Occurrence
Insurance Glossary
In insurance, an occurrence refers to an event or series of events that result in covered losses. It’s a crucial concept for determining the extent of coverage and how insurance policies respond to claims.
Here’s a breakdown of what constitutes an occurrence
- Accident: An occurrence is typically triggered by an accident, which is an unexpected and unintended event that causes harm or damage.
- Continuous or Repeated Exposure: An occurrence can also encompass continuous or repeated exposure to substantially the same general harmful conditions that result in injury or damage. This means that a series of events stemming from the same underlying cause can be considered a single occurrence.
Examples
- A car accident is a single occurrence.
- A fire that damages a building is an occurrence.
- Long-term exposure to asbestos leading to illness can be considered an occurrence.
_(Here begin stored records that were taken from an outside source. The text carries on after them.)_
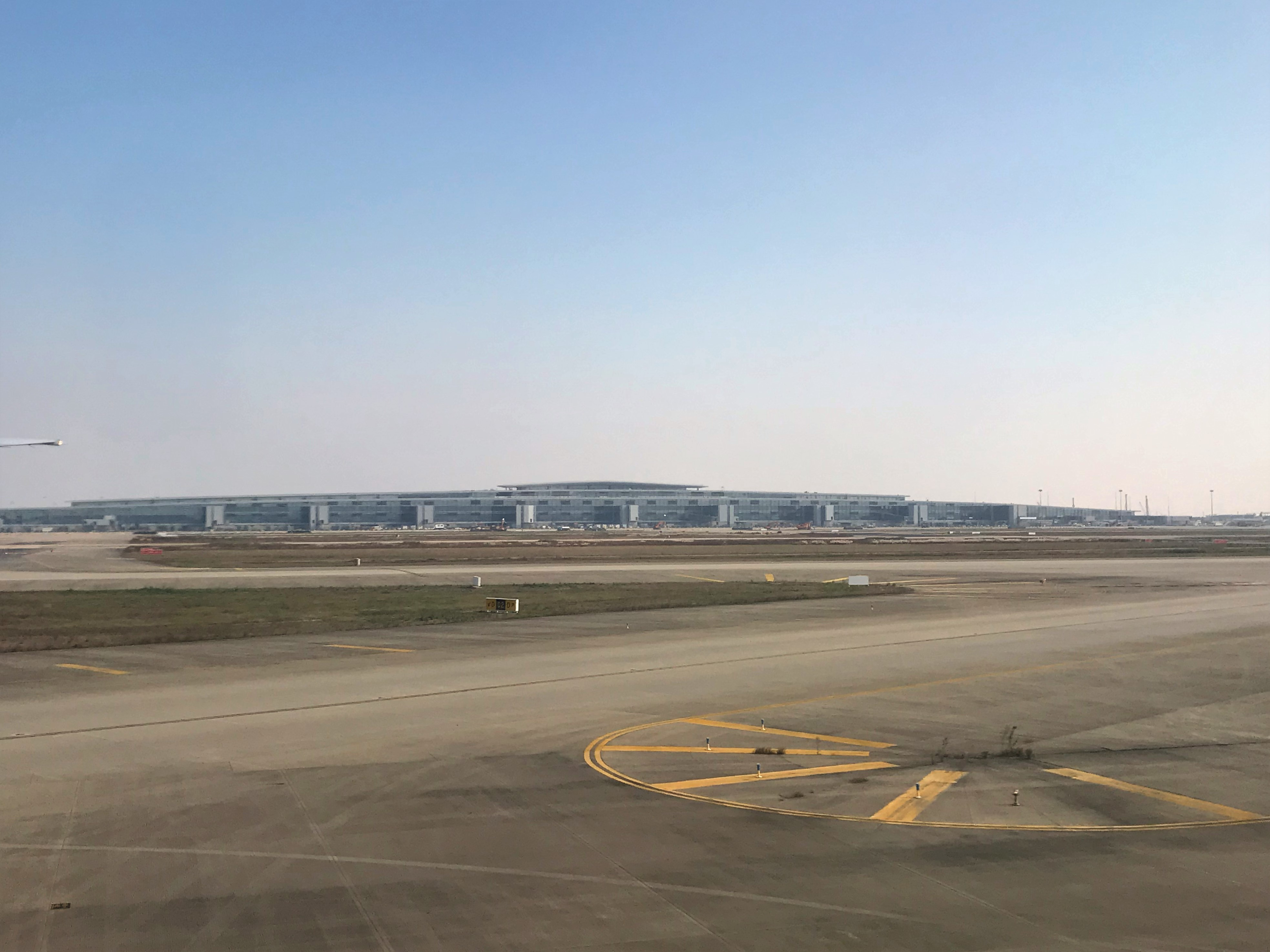 201812 Satellite Terminal of PVG
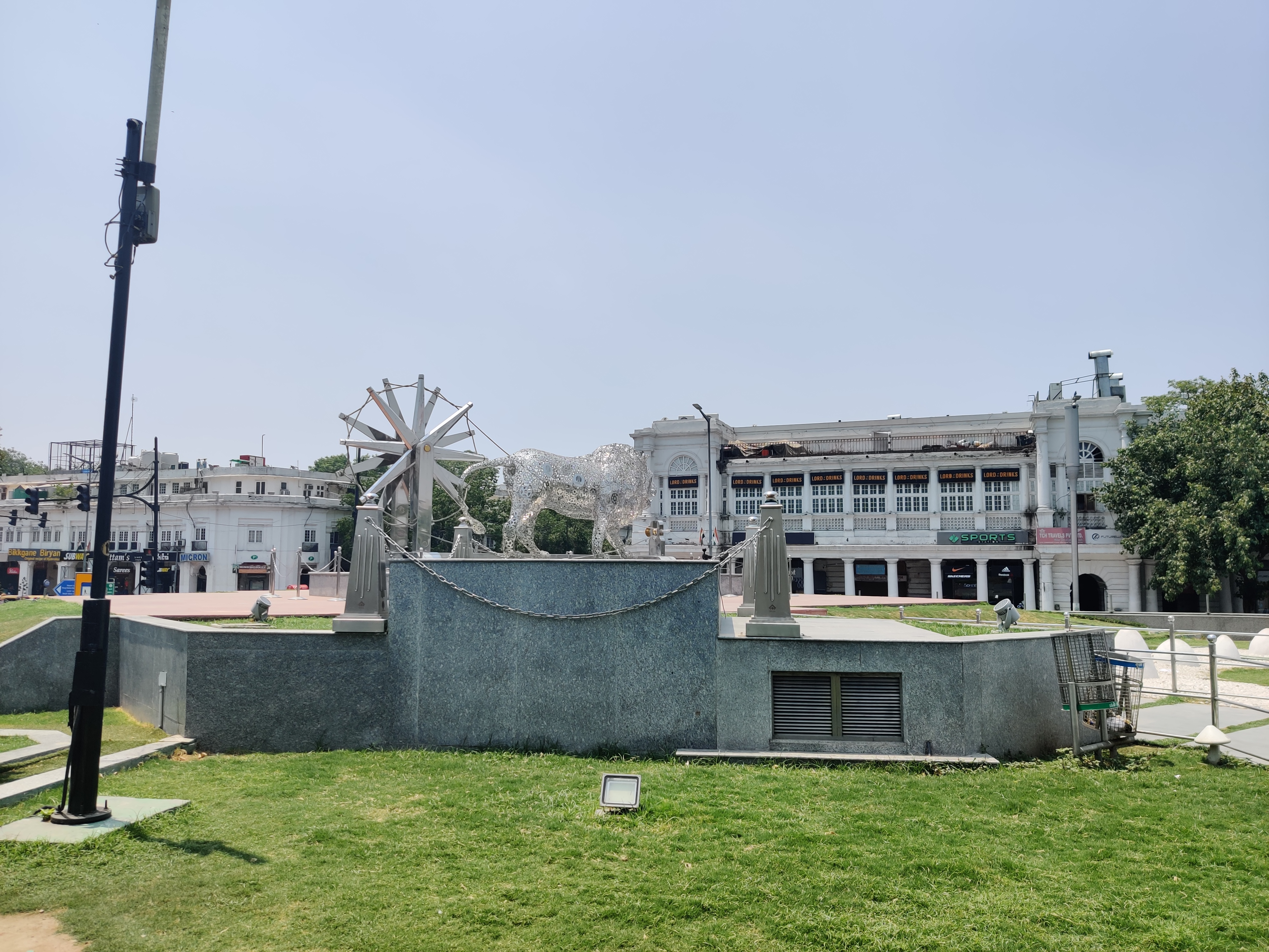 Front view showing the silver Charkha
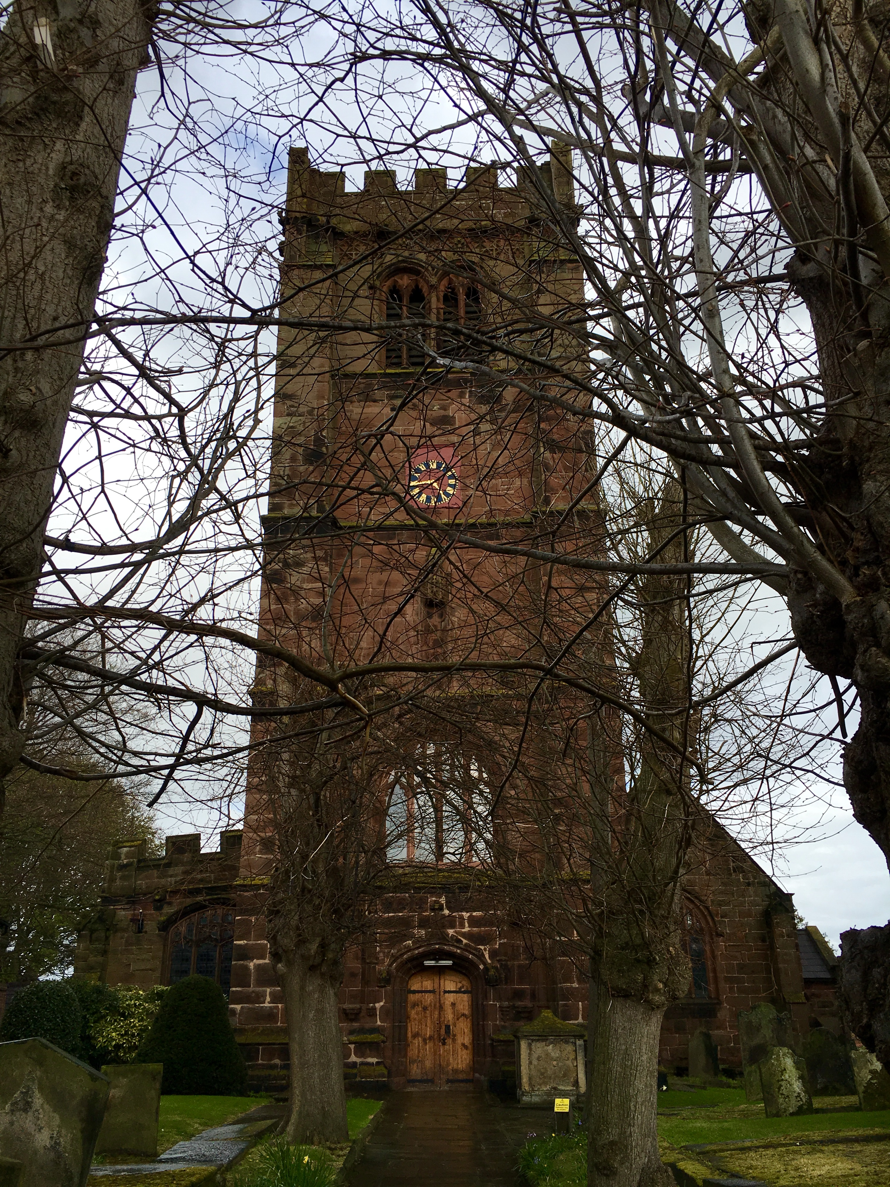 The Church of England Church at the heart of the Village of Tarvin

Importance in Liability Insurance
The concept of occurrence is particularly important in liability insurance, where policies often have limits for each occurrence. This limit determines the maximum amount the insurer will pay for all claims arising from a single occurrence.
Example
If a company’s faulty product causes injuries to multiple people over a period of time, this could be treated as a single occurrence under a liability insurance policy, subject to the per-occurrence limit.
Understanding the definition of occurrence is essential for policyholders and insurers to interpret coverage accurately and handle claims appropriately. It helps define the scope of coverage and ensures that insurance policies respond effectively to various types of losses.